“When he saw the man, he felt compassion for him…”

Published on: 1 September 2019

It has become an unavoidable fact that homelessness in the UK has grown massively since 2010. There is a housing crisis because we do not have affordable housing. Housing available for rent, let alone to buy.

If you lost your job, how long could you keep up the repayments on your mortgage or your rent? Could you afford a zero-hours contract, not knowing one week to another what your pay will be? Can you wait five weeks before you get your first benefit income?

Most people aren’t homeless because they have drug addictions, or alcohol abuse, but because a simple change happened to their circumstances and the cost of their housing was too high for them to fix the problem. There, but for the grace of God, go I.

Then once homeless, it is so hard to rehouse people, because the benefit system and the average wages do not match the average private rents. This traps people into homelessness, or into temporary accommodation (provided by councils to only those homeless people in ‘priority need’) because there are not enough social or council homes to move people to instead.

How then, as Christians, do we respond to this?

Our God tells us to “Love mercy, seek justice, and walk humbly with our God” in Micah 6:8. “Love mercy” means to look at a person on the street and not blame them for being a drug user (most people only get into drugs, or develop mental health problems, after being made homeless). Help the homeless person, regardless of why he is homeless. Give him or her a cup of coffee. A hot sandwich. A smile. A leaflet about where to go for the foodbank or a night shelter. A phone number for Shelter (0808 800 4444).

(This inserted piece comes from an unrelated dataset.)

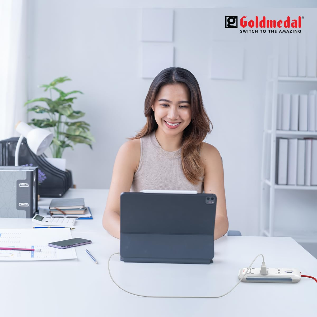 Goldmedal i-Strip LED High Grade Spike Guard (White and Red) – Pack of 1, 6 Outlet International Socket, master Switch, 3-pin 2 meter Cable, Indicator with Surge Protector for Home & Office
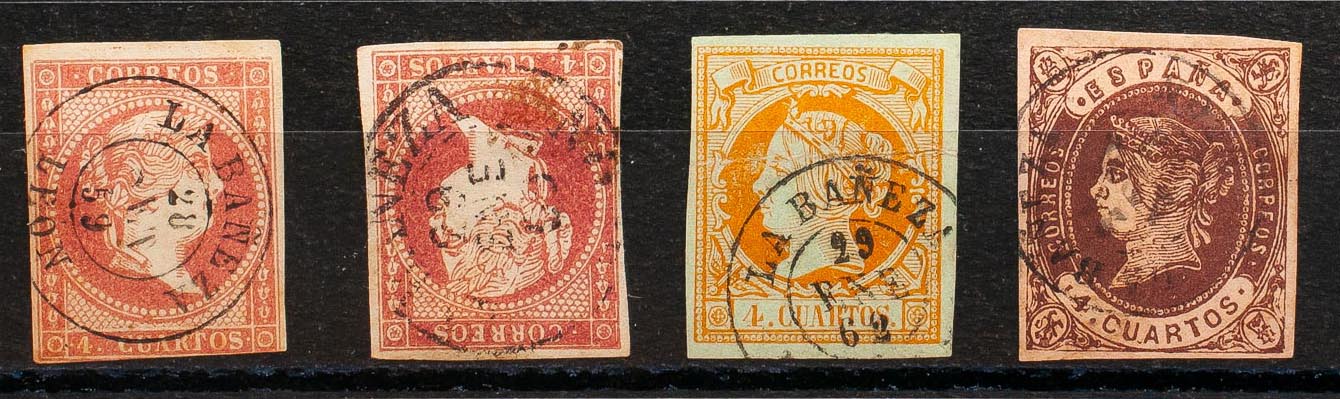 48(2), 52, 58. (1855ca). Conjunto de cuatro sellos del 4 cuartos rojo, amarillo y castaño, inutilizados con el matasello LA BAÑEZA / LEON (incluyendo el Tipo I sobre el 4 cuartos rojo). MAGNIFICO.

Secondly, seek justice for that person, or for homeless people overall. “Speak up for those who cannot speak for themselves, for the rights of all who are destitute” says Proverbs 31:8. Sign petitions on the internet. Write to your MP and councillors. Donate food items to a food bank. Volunteer somewhere.

Thirdly, walk humbly with our God. In the good Samaritan parable, Luke 10:33 says: the “Samaritan came along, and when he saw the man, he felt compassion for him”. In the Greek, this actually says “his bowels exploded”! In our parlance we would say, “his heart broke”.

That is how Jesus sees you. Jesus is the Samaritan, and you are a victim of assault by illness, debt, grief, poverty, homelessness, sin. Jesus looks at you, and his heart breaks. And it’s because Jesus does this for you first, that he says “Yes, now go and do the same”. By walking humbly with our God, you can love homeless people because God has first loved us. And if you are reading this and you are homeless, know that Jesus has been homeless too, and his heart breaks with love for you.